Russian Foreign Minister Sergei Lavrov awaits the start of a negotiating session at au Rivage Palace Hotelin Lausanne, Switzerland, on March 29, 2015.

Russian Foreign Minister Sergei Lavrov awaits the start of a negotiating session at au Rivage Palace Hotelin Lausanne, Switzerland, on March 29, 2015. Brendan Smialowski/AP

The P5+1 Aren't All Aligned on Iran's Sanctions Relief

It's not just Iran vs. the West - Russia and China are siding with Tehran on a key issue.

The Iran nuclear talks are now a day into overtime. The Chinese and French foreign ministers have left Lausanne, the Swiss city where the negotiations are continuing after the March 31 deadline for a framework agreement.

The word is that the outcome will be far from the desired grand agreement, one putting at least a 15-year moratorium on an Iranian nuclear weapon. Instead, there will be a broad statement that effectively hopes for the best by the ultimate June 30 deadline.

Iran and the outside world still can’t quite see eye to eye, right?
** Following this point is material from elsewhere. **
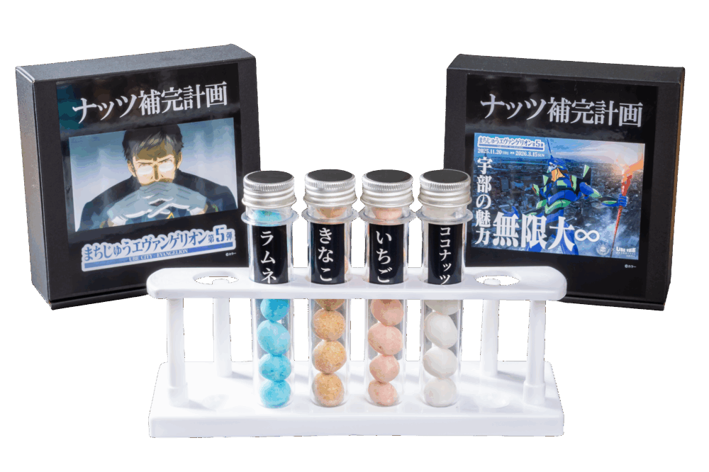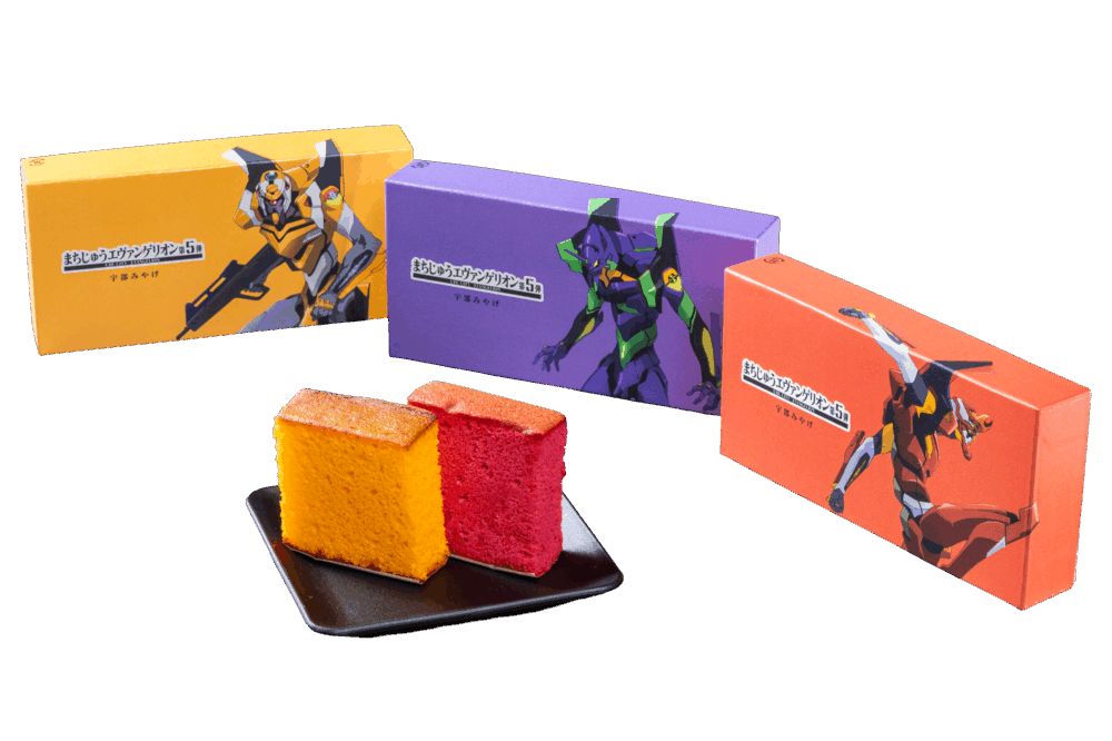 ・まちじゅうエヴァンゲリオン第5弾の開催を記念してラズベリーカステーラ・みかんカステーラ2種類のお味とお色をお楽しみいただけます。

Right, but that is not the only big problem. It turns out one of the main hitches in the talks is the outside world itself, the so-called P5+1. A red line for the US-led side is robust retention of sanctions to ensure Iranian compliance over the period of the deal. This includes a so-called “snap-back” provision, proposed by the US and France, of harsh sanctions should Iran cheat.

Iran’s negotiating team, however, has demanded that all oil and financial sanctions be lifted simultaneously and immediately, with no snap-back.

This position has attracted some advocates on the P5+1 side. Though ostensibly allied with the US, France, Germany and the UK in the talks, Russia and China are siding with Iran on the issue of the snap-backs. Russian foreign minister Sergei Lavrov has publicly said that all the sanctions must be dropped immediately.

All the parties know, however, that a deal lacking continued sanctions and snap-backs would be dead in the water in Washington—Congress would kill it.